_Input data_
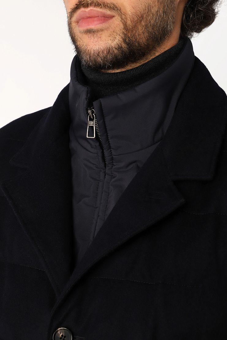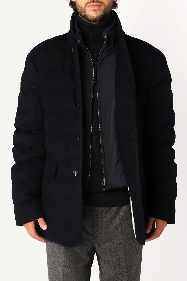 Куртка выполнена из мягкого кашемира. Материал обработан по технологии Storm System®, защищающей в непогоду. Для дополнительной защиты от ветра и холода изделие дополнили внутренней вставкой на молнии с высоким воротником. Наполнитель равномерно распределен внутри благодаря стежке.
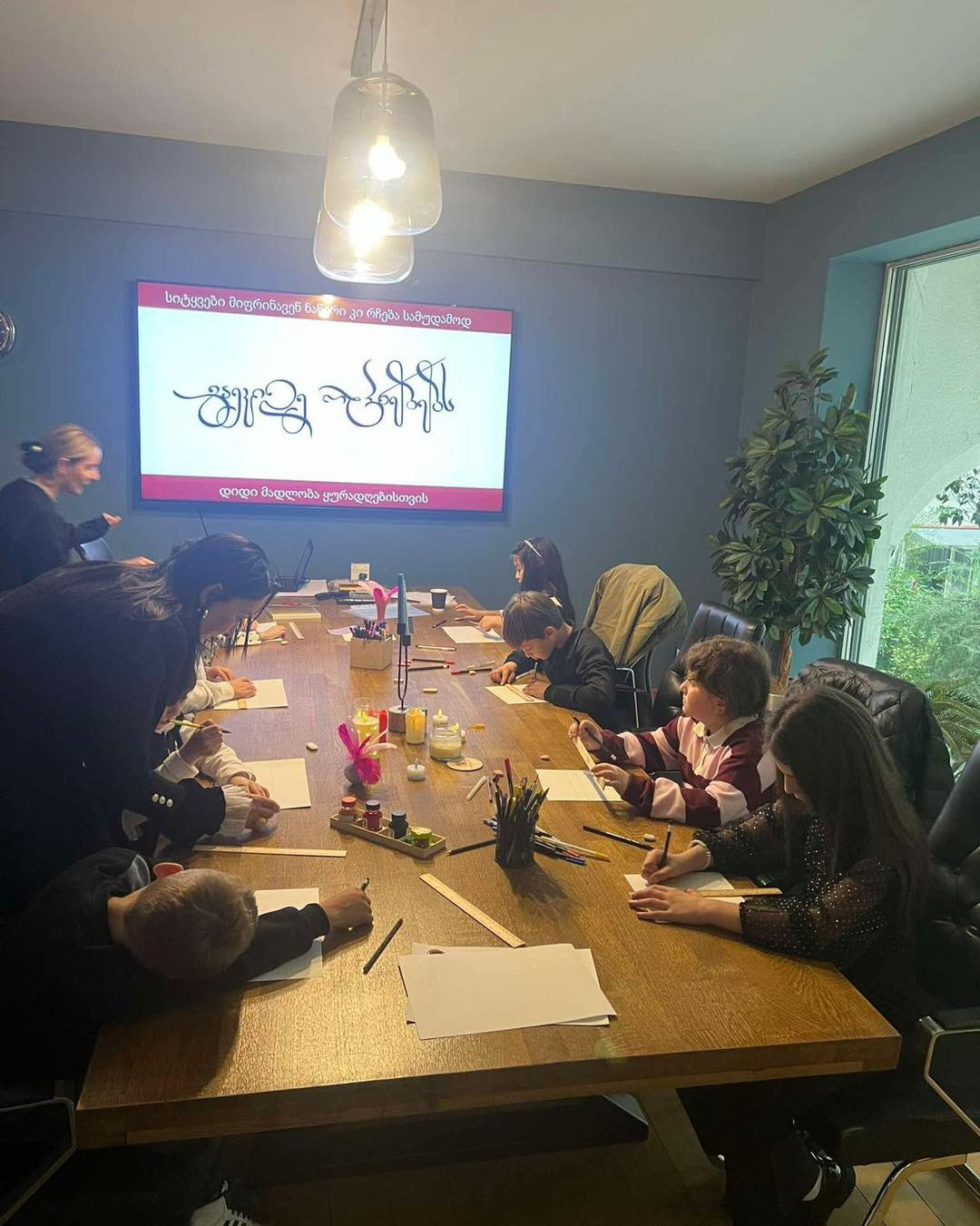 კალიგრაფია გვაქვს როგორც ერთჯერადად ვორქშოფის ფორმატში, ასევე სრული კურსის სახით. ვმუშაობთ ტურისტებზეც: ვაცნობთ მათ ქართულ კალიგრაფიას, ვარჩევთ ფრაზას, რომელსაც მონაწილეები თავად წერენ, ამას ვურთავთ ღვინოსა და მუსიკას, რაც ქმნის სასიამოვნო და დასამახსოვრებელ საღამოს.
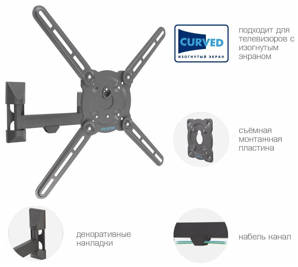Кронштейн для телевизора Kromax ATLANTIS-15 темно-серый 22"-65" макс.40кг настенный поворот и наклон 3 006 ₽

_What you need to do_
Write the material out again word for word and omit any images.

_Response box_
 Куртка выполнена из мягкого кашемира. Материал обработан по технологии Storm System®, защищающей в непогоду. Для дополнительной защиты от ветра и холода изделие дополнили внутренней вставкой на молнии с высоким воротником. Наполнитель равномерно распределен внутри благодаря стежке.
 კალიგრაფია გვაქვს როგორც ერთჯერადად ვორქშოფის ფორმატში, ასევე სრული კურსის სახით. ვმუშაობთ ტურისტებზეც: ვაცნობთ მათ ქართულ კალიგრაფიას, ვარჩევთ ფრაზას, რომელსაც მონაწილეები თავად წერენ, ამას ვურთავთ ღვინოსა და მუსიკას, რაც ქმნის სასიამოვნო და დასამახსოვრებელ საღამოს.
Кронштейн для телевизора Kromax ATLANTIS-15 темно-серый 22"-65" макс.40кг настенный поворот и наклон 3 006 ₽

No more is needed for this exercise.